Any suggestions what I should do? Thanks so much for your help.

[lima1]

Can you try with --min-fraction-offtarget 1? Your off target information is noisy and makes it worse. The error happens in PSCBS, seen it before but can’t remember causes. Probably excessive noise.

What is the range of log ratio standard deviations you are getting? FFPE? Old samples?

[bosmont]

Thanks a lot for your help. Below is the distribution of the standard deviations of gene.mean across samples: Min. 1st Qu. Median Mean 3rd Qu. Max. 0.1147 0.2279 0.2939 0.3021 0.3798 0.5470

Does it look bad?

I tried to add the option "--min-fraction-offtarget 1" in PureCN.R command, and it works! But do I need to re-run the all the samples with this option in order to make the results consistent across samples?

Thanks.

[lima1]

I meant the standard deviations reported in the log file, gene.mean might be a bit better than that?
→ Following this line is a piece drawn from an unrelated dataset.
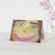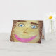 Child's sketch of a funny face with big eyes, pink lips and curly hair for humourous birthday

INFO [2022-08-04 15:00:21] Mean standard deviation of log-ratios: 0.25 (MAPD: 0.19)

A mean log-ratio SD of 0.3 would be ok for WES FFPE. For higher quality WES (>300X and fresh frozen), it should be 0.2 or lower. Depends also on the number of normal samples and batches.

Yes, I would toss the off-target reads. Either re-run IntervalFIle.R without --offtarget, or specify that argument to ignore them from the coverage files.